I first read The Road in 2011. My father was alive then. It’s now 2026, Tatay has passed away. I thought about Amanda Petrusich's sobering New Yorker piece, where she wrote, “Grief forces a kind of radical transformation, for better or for worse. I found it to be a shockingly generative state: I’d never been more pliable, tender, open, or raw.” That’s pretty much the state The Road brings me back to: pliable, tender, open and raw. It's been eight years after Tatay had died.

The magic of literature is how infinite a piece of work can be read, depending on the reader's context, mood, overall state of mind. 

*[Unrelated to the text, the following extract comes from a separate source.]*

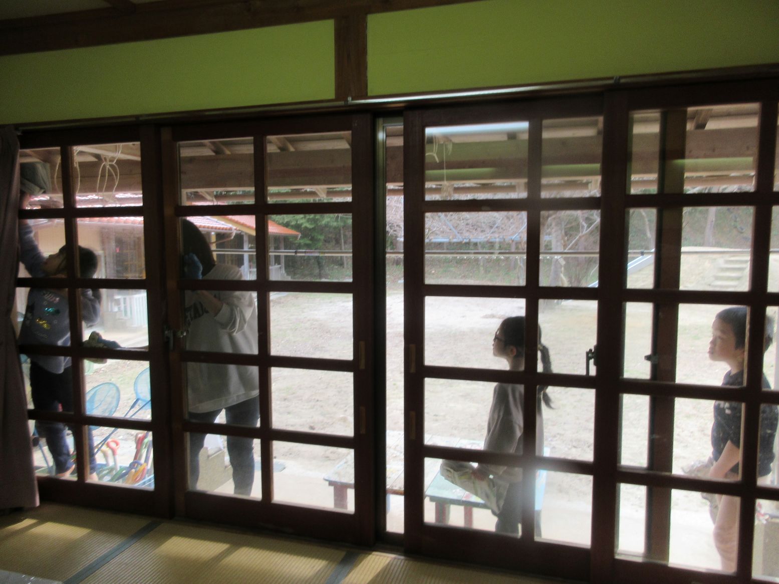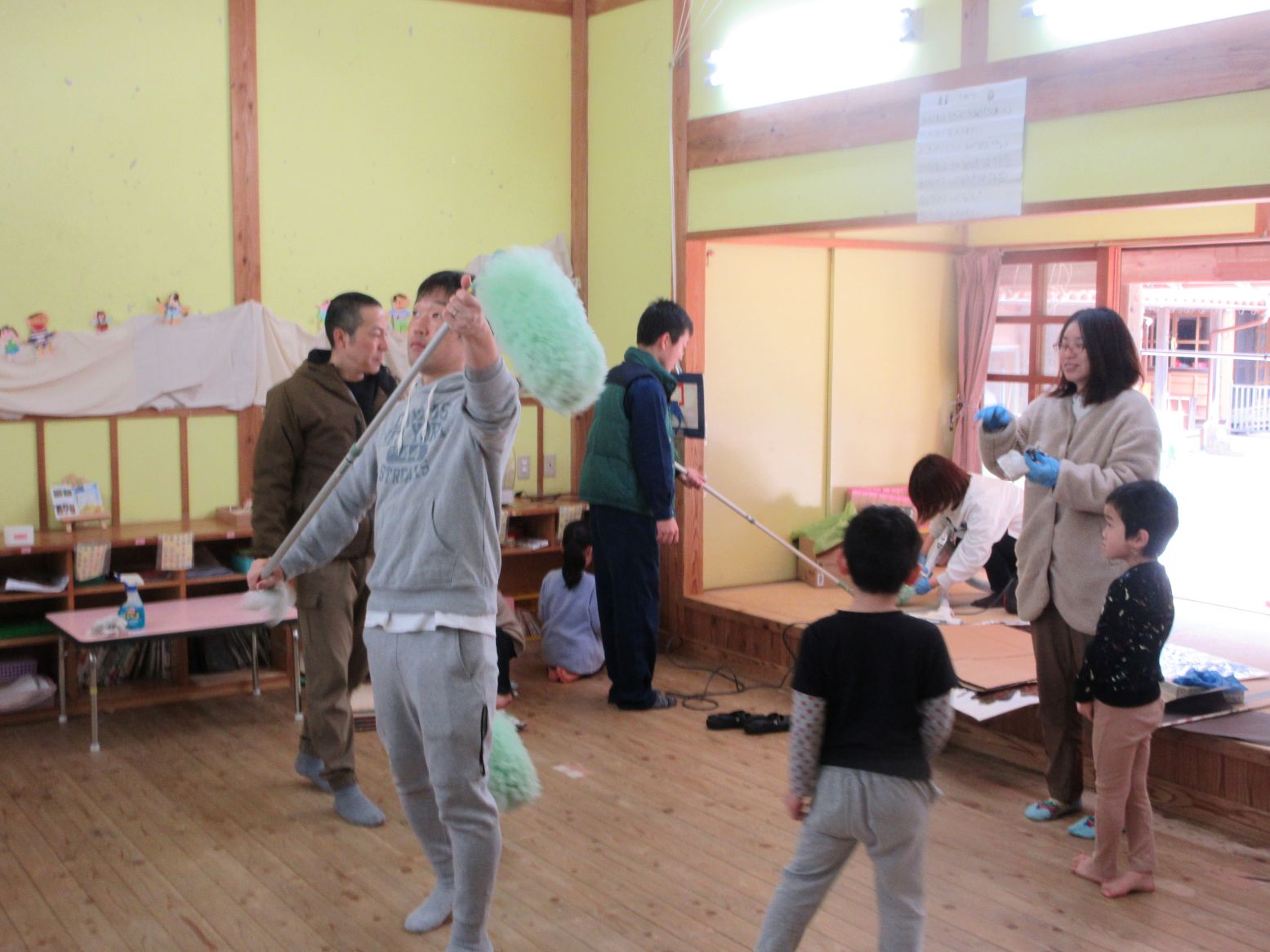 普段は手が届かない高い所に脚立を使って上り、ホコリを落としてくださったり、部屋の窓やサッシなどを丁寧に拭き、細かなホコリを綺麗に掃除してくださったりしました。もちろん、こども達もお家の方と一緒に掃除をしましたが、お父さん・お母さんの手際の良さや、どんどんきれいになる様子を見て“すごいな~‼”という表情でした。そして「きもちいいね‼」と、爽やかな表情のこども達でした。

In The Road is a scene where the father pulls the trigger to save his son. The books encourages me to remember Tatay, in whose presence I felt most safe:

When they’d eaten he took the boy out on the gravelbar below the bridge and he pushed away the thin shore ice with a stick and they knelt there while he washed the boy’s face and his hair. The water was so cold the boy was crying. They moved down the gravel to find fresh water and he washed his hair again as well as he could and finally stopped because the boy was moaning with the cold of it. He dried him with the blanket, kneeling there in the glow of the light with the shadow of the bridge’s understructure broken across the palisade of treetrunks beyond the creek. This is my child, he said. That is my job. Then he wrapped him in the blanket and carried him to the fire.